MODELLER implements comparative protein structure modeling by the satisfaction of spatial restraints that include:

(1) homology-derived restraints on the distances and dihedral angles in the target sequence, extracted from its alignment with the template structures 96 ; (2) stereochemical restraints such as bond length and bond angle preferences, obtained from the CHARMM-22 molecular mechanics force field 100 ; (3) statistical preferences for dihedral angles and nonbonded interatomic distances, obtained from a representative set of known protein structures 101 ; and (4) optional manually curated restraints, such as those from NMR spectroscopy, rules of secondary structure packing, cross-linking experiments, fluorescence spectroscopy, image reconstruction from electron microscopy, site-directed mutagenesis, and intuition ( Figure 2b) . The spatial restraints, expressed as probability density functions, are combined into an objective function that is optimized by a combination of conjugate gradients and molecular dynamics with simulated annealing.
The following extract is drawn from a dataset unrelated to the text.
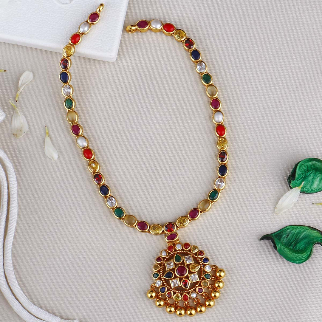 This 92.5 Silver, 24 kt gold-plated stylish Necklace is studded with semi-precious stones to make a stunning statement. Perfect for any special occasion.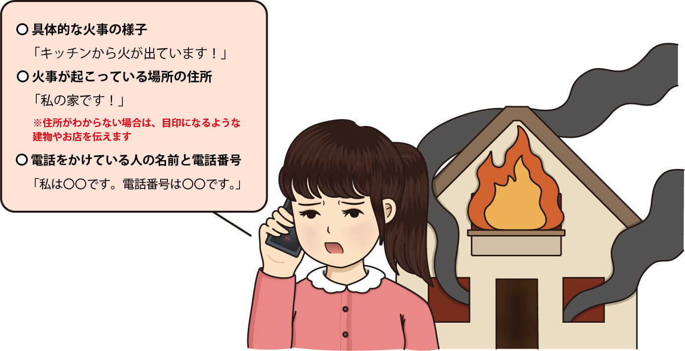 最初に「火事ですか?救急ですか?」と聞かれます。「火事です」と伝えた後、慌てず、落ち着いて、次の情報をはっきりと伝えてください。

This model-building procedure is similar to structure determination by NMR spectroscopy.

Accuracies of the various model-building methods are relatively similar when used optimally. 102, 103 Other factors, such as template selection and alignment accuracy, usually have a larger impact on the model accuracy, especially for models based on less than 30% sequence identity to the templates. However, it is important that a modeling method allows a degree of flexibility and automation to obtain better models more easily and rapidly. For example, a method should allow for an easy recalculation of a model when a change is made in the alignment; it should be straightforward to calculate models based on several templates; and the method should provide tools for incorporation of prior knowledge about the target (e.g., cross-linking restraints and predicted secondary structure).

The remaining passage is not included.